Considering that CO and bHLH subgroup IIId transcription factors function oppositely (or antagonistically) to MYC and TOE proteins in mediating jasmonate-regulated processes, we speculate that the effects of different JAZ-binding factors on jasmonate signaling are balanced to maintain appropriate jasmonate signaling levels. This fine-tuning of jasmonate responses may optimize the balance between establishing stress tolerance and plant growth and development. Similar dual modulations have been described in other situations. For example, jasmonate-activated EIN3 inhibits MYC2 function to regulate jasmonate-induced apical hook curvature and defense responses to the necrotrophic fungal pathogen Botrytis cinerea (Berrocal-Lobo et al., 2002; Lorenzo et al., 2004; Zhu et al., 2011; Zhang et al., 2014; Song et al., 2014b). In this study, we found that exogenous application of jasmonate (i.e. MeJA) down-regulated CO transcript levels in wild-type seedlings (Figure 1, A–C). Additionally, CO transcript levels increased in the coi1 mutant and JAZ1-ΔJas seedlings (Figure 1D), indicative of the suppressive effects of jasmonate on CO transcription. By contrast, CO increased in abundance in the presence of jasmonate (Figure 1E). Considering these findings along with the fact that JAZ repressors interact with and inhibit the transcriptional function of CO (Figures 5 and 8), it is possible that jasmonate has dual (negative and positive) regulatory effects on CO that strictly control jasmonate signaling. Further analyses of the regulatory mechanisms underlying the dual effects of jasmonate on CO transcription and the accumulation of the encoded protein will help understand how CO precisely controls jasmonate signaling.

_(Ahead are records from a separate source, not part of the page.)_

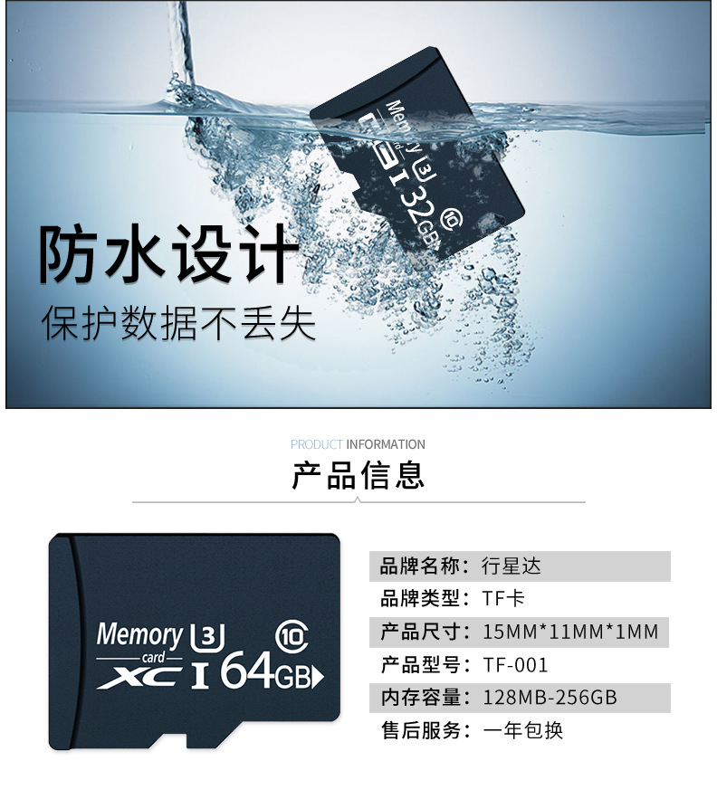 严选【128G固带录像设配通用】超高速TF内存卡 运动相机大疆摄像监控行车记录仪/个
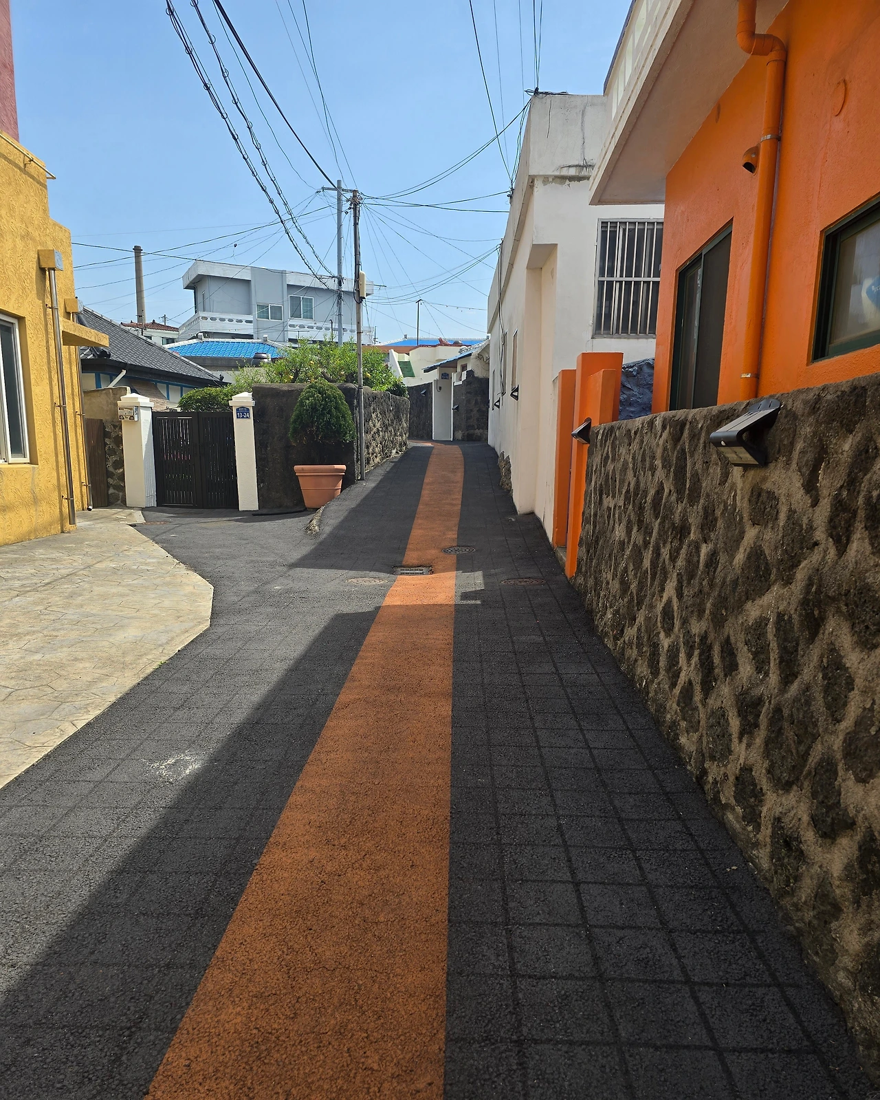 돌담과 낮은 지붕, 그리고 그 사이로 들어오는 햇살이
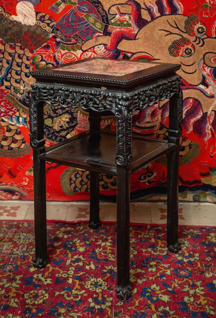 Sellette en bois, à deux plateaux, celui du dessus orné de marbre.
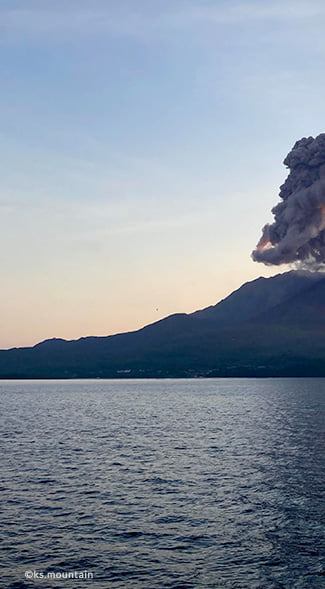 Kinkowan Bay is a bay created by large volcanic eruptions and tectonic movements. Although it is a far-inland bay, it has a maximum depth of 237 meters, and also features the Sakurajima volcano and ocean floor volcanoes which are active even now, and are amongst the handful of active volcanoes in the world.

The transcription of CO and the stability of the encoded protein are strictly controlled by multiple regulators and signaling pathways. More specifically, GIGANTEA (GI) and FLAVIN-BINDING, KELCH REPEAT, F-BOX1 (FKF1) play a major role in maintaining appropriate CO expression levels (Imaizumi et al., 2005; Sawa et al., 2007; Song et al., 2012, 2014a). Previous studies have demonstrated that GI physically associates with FKF1 to form a complex that recruits CYCLING DOF FACTOR (CDF) proteins, which are repressors of CO transcription, for degradation (Imaizumi et al., 2005; Sawa et al., 2007; Fornara et al., 2009). In the cdf1 cdf2 cdf3 cdf5 quadruple mutant, CO transcript levels are high in the morning, regardless of photoperiod or daylength changes (Fornara et al., 2009). Moreover, several critical light-signaling components modulate CO abundance. For example, the RING finger E3 ubiquitin ligase CONSTITUTIVELY PHOTOMORPHOGENIC1 (COP1) and its interacting partner SUPPRESSOR OF PHYA-105 (SPA) facilitate CO protein degradation at night (Laubinger et al., 2006; Jang et al., 2008). Another RING finger E3 ubiquitin ligase, HIGH EXPRESSION OF OSMOTICALLY RESPONSIVE GENES1 (HOS1), works synergistically with COP1 to precisely regulate the timing of CO accumulation (Lazaro et al., 2012). Additionally, photoreceptors (e.g. phytochromes and cryptochromes), ZEITLUPE (ZTL), PSEUDO-RESPONSE REGULATORs (PRRs), GI, and TOE modulate CO stability (Valverde et al., 2004; Zuo et al., 2011; Song et al., 2012, 2014a; Hayama et al., 2017). Because jasmonate also affects CO transcription (Figure 1, A–D), further research is needed to determine whether jasmonate operates through the known upstream CO regulators listed above. Furthermore, whether the crucial regulators of CO also participate in jasmonate signaling should be investigated. Interestingly, the results presented in Figure 1E showed that CO accumulation increased in response to MeJA, and its accumulation further rose in seedlings treated with both MeJA and MG132 compared to seedlings treated with only MeJA or MG132. These observations suggest that the production of CO is activated by MeJA. It is possible that jasmonate affects CO mRNA stability and influences the subsequent translation and/or it affects how efficiently CO is translated. The underlying mechanisms should be clarified in future investigations.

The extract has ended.